Os preços por token caíram 75% em um ano, mas a maioria das organizações está gastando mais em IA, não menos. A ilusão do custo está escondida à vista de todos.

O projeto de lei que não encolheu
Imagine um CFO analisando os gastos trimestrais de cloud. A equipe de AI apresenta um gráfico convincente: os custos de inferência por token caíram 75% ano a ano. Os modelos são mais rápidos, as APIs são mais baratas e o fornecedor está oferecendo descontos por volume. Tudo aponta para a economia. Então, chega a fatura real e o total é maior que o do último trimestre.
Esse não é um cenário hipotético. Ele está ocorrendo em todas as empresas no momento e revela uma lacuna entre a narrativa sobre os custos de IA e a realidade operacional. O setor comemora a queda dos preços dos tokens como se insumos mais baratos significassem automaticamente resultados mais baratos. Mas, na prática, a forma como as organizações consomem IA mudou tão drasticamente que a queda dos preços unitários conta apenas metade da história.
A questão que vale a pena examinar não é se os tokens estão ficando mais baratos. Eles estão. A questão mais reveladora é se esse barateamento está se traduzindo em contas de IA mais baixas ou se está permitindo discretamente padrões de consumo que empurram os custos totais na direção oposta.
A queda de preço é real
Para ser claro: o declínio no preço por token é genuíno e significativo. De acordo com o data de gastos empresariais da Ramp, o custo médio por milhão de tokens nos principais provedores caiu de aproximadamente $10 para $2,50 em um único ano. A pesquisa da Epoch AI sugere que os custos de inferência estão caindo a taxas próximas a 200 vezes por ano, levando em conta as melhorias de preço e eficiência. Andreessen Horowitz cunhou o termo “LLMflation” para descrever essa curva deflacionária, traçando um paralelo com a Lei de Moore em semicondutores.
Os motivadores são bem compreendidos. A concorrência entre os fornecedores de modelos de fronteira (OpenAI, Anthropic, Google, Meta) criou uma pressão agressiva sobre os preços. Modelos de peso aberto, como Llama e Mistral, estabeleceram um piso de preço que os fornecedores proprietários não podem ignorar. Os aprimoramentos de hardware, incluindo a arquitetura Blackwell da NVIDIA e o silício personalizado do Google (TPU v6) e da Amazon (Trainium), melhoraram constantemente o rendimento da inferência por dólar.
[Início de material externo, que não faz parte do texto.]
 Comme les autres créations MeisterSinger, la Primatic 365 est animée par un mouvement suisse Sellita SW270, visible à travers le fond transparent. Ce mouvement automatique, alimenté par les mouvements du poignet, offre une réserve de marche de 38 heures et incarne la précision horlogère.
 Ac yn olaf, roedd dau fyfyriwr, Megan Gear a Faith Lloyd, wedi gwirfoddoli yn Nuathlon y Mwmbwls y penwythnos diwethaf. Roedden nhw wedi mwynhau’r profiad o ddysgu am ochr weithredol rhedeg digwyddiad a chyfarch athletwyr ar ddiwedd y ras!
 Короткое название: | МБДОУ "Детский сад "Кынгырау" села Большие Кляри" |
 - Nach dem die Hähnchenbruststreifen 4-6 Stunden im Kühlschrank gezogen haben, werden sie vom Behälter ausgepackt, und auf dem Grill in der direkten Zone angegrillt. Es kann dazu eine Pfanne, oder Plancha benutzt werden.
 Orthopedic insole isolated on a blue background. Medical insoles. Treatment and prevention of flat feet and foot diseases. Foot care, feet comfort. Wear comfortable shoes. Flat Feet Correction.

A quantização, a decodificação especulativa e as técnicas de destilação reduziram ainda mais a computação necessária por token.
Para casos de uso simples e limitados (um chatbot que responde a perguntas frequentes, uma ferramenta de resumo que processa documentos), essa queda de preço está gerando economias reais. As organizações que fixaram seus padrões de uso de IA com antecedência estão, em muitos casos, realmente gastando menos.
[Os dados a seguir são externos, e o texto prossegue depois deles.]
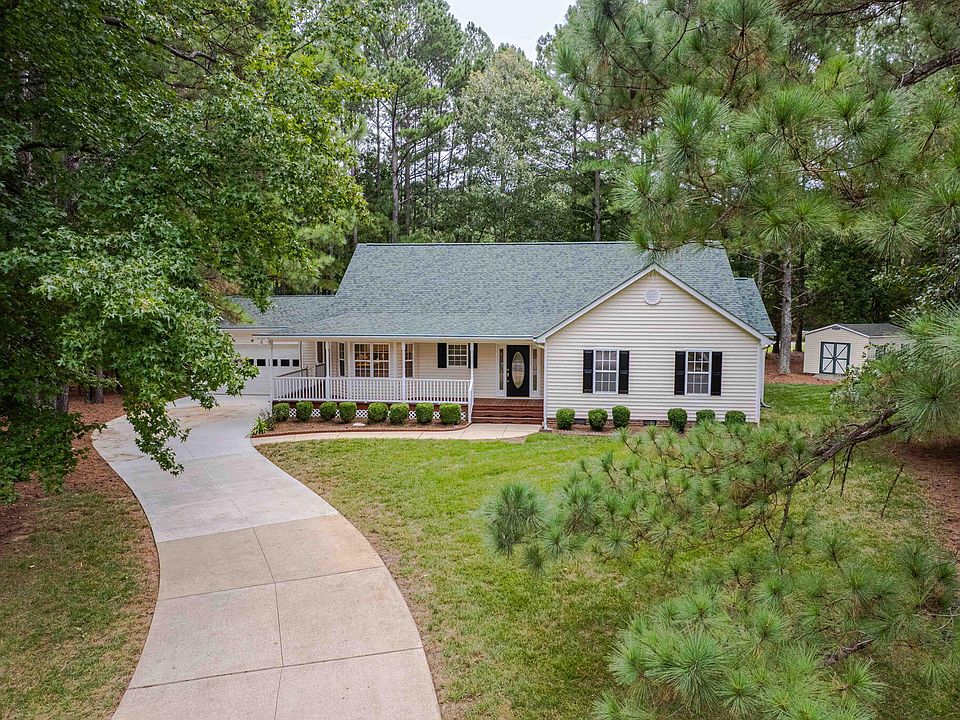 No city taxes on this spacious home just 3 minutes from Yates Mill Pond County Park off of a beautiful stretch of Penny Road. The Carolton Neighborhood features large lots and this beautifully renovated home at the end of a cul-de-sac. Featuring all new flooring, cabinets, counters and tile-work throughout. Your new home showcases a lovely single story floor plan with a luxurious owners bath, huge eat-in kitchen with expansive counter space, beautiful wrap-around porch, large deck, both a shed and a heated workshop! 15 minutes from Downtown Raleigh, 10 minutes from Crossroads Shopping Center and 18 minutes to downtown Apex but with all the freedom of country living! 3 bedrooms, 2.5 baths, shed and workshop on a large lot. All new flooring, cabinets, countertops, plumbing and light fixtures, fresh interior paint. On Well and Septic. Buried Propane tank for gas fireplace and above-ground propane tank for workshop heater.
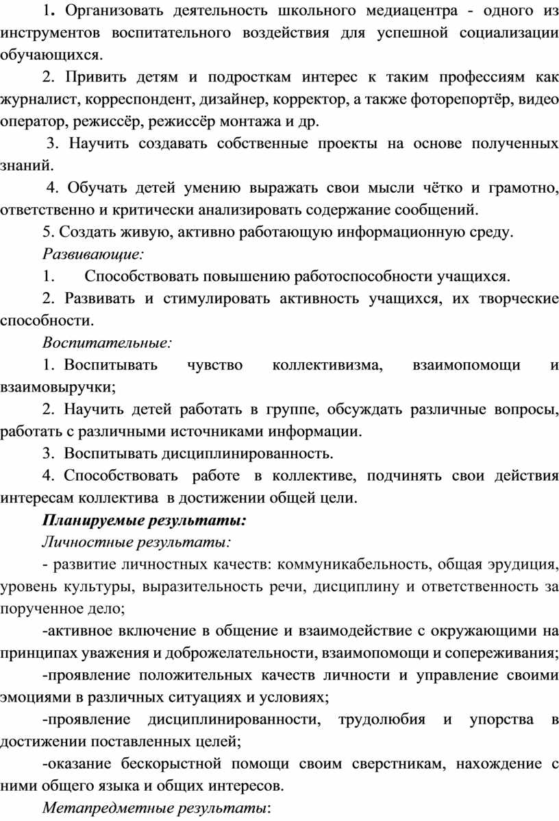 1. Организовать деятельность школьного медиацентра - одного из инструментов воспитательного воздействия для успешной социализации обучающихся.
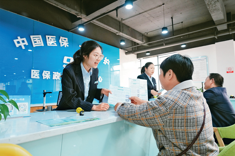 全面深化改革不斷回應(yīng)人民新期盼、滿足群眾新需求,人民利益、百姓福祉在國家發(fā)展中有了更多保障。截至2023年底,全國基本醫(yī)療保險覆蓋13.3億人。圖為2023年11月1日,在重慶市北碚區(qū)歇馬街道醫(yī)保政務(wù)服務(wù)分中心,工作人員給居民講解醫(yī)保政策。 新華社發(fā) 秦廷富/攝

O problema começa quando os padrões de uso não ficam bloqueados.
A explosão do consumo
Aqui está a parte da equação que raramente aparece nas manchetes: o número de tokens consumidos por tarefa cresceu em ordens de magnitude e está se acelerando.
Há um ano, uma interação típica de IA poderia envolver uma única solicitação e resposta, talvez 2.000 tokens no total. Hoje, fluxos de trabalho de IA autêntica mudaram fundamentalmente essa aritmética. Uma única tarefa executada por um sistema multiagente (pesquisar um tópico, redigir um documento, validá-lo em relação às políticas internas e, em seguida, iterar com base no feedback) pode queimar de 50.000 a 500.000 tokens antes de produzir um resultado final. Os assistentes de codificação sempre ativos processam rotineiramente milhões de tokens por desenvolvedor e por dia. As estruturas de orquestração de vários agentes, como o OpenClaw, permitem fluxos de trabalho em que os agentes chamam outros agentes, cada interação aumentando a contagem de tokens.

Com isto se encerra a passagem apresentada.